NR supplements substantially increased a NAD breakdown product called Me-2-PY in the cerebrospinal fluid (CSF), the liquid that surrounds the brain and spinal cord. No other NAD metabolites were found in treated patients’ CSF, which “further corroborated that oral NR therapy increases brain NAD levels,” they added.

Several NAD-related metabolites were elevated in muscle tissue, and in immune cells to a lesser extent. NR supplementation was associated with changes in the activity of 58 genes in muscles, and the activity of 13 genes in immune cells.

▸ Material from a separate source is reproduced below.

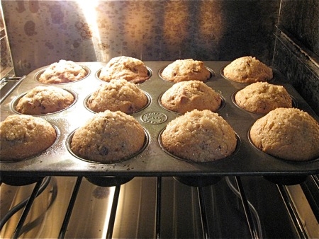 Bake the muffins for 14 to 15 minutes, until a cake tester or toothpick inserted into one of the center muffins comes out clean.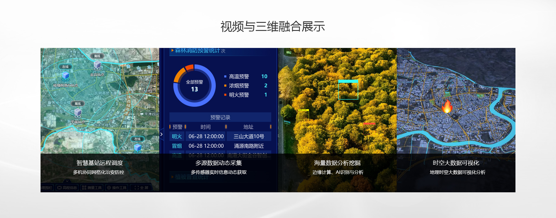 智慧消防管理平台通过无人机搭载热成像仪,实现监测人员、生态、灾害等信息,对现场进行大面积多批次航空摄影,快速生成多时间点的大面积影像,重点区域进行视频回传,为掌握火情覆盖及演变情况提供准确资料,协助现场指挥。

A mild but significant decrease was seen in the blood levels of GDF15 in patients given NR supplements, but not in the CSF. GDF15 is a mitochondrial marker, and this change “could be indicative of improved mitochondrial function,” the researchers wrote.

Several pro-inflammatory immune signaling proteins were also lower in the bloodstream and/or CSF in the NR treatment group. Some of these proteins were also lower in placebo patients.

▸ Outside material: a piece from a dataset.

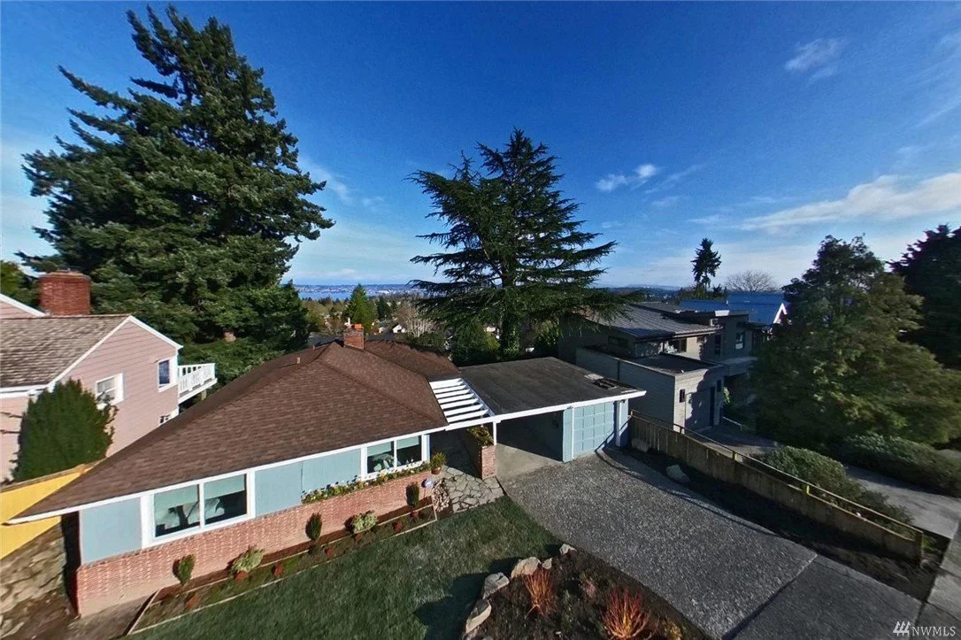 Perfectly situated on View Ridge, a classic mid-century home with sweeping panoramic views in this highly sought after neighborhood. Cozy up in open living rm next to the fireplace and enjoy your surroundings. Two main floor beds with full bath, 3rd bed downstairs with another bath. Bsmt has huge utility rm, workbench, lots of storage and wood paneled bar in family room (w/view) waiting for you to entertain. Spacious backyard recently landscaped with beautiful terraces. Detached garage+carport. Move in ready or create your dream home. Unlimited potential and endless expansion possibilities on this 8,060 SF lot. A few blocks to everything: Magnuson, BG Trail, VR Fields, UW, Met Market, PCC, U Village, Top Pot, Grand Central, MioPosto & SPCC.

“These findings, particularly the effects on pro-inflammatory cytokines and clinical symptoms, are clearly supportive of carrying out larger trials in Parkinson disease patients,” said Rudolph Tanzi, PhD, vice-chair of neurology and co-director of McCance Center for Brain Health at Massachusetts General Hospital, a professor of neurology at Harvard Medical School, and a member of the ChromaDex scientific advisory board.

Levels of neurofilament light chain, a marker of nerve damage, were unchanged with NR treatment in both the blood and CSF.

“The results of the trial are highly encouraging and nominate NR as a potential neuroprotective therapy for [Parkinson’s disease], warranting further investigation in larger trials,” Tzoulis said.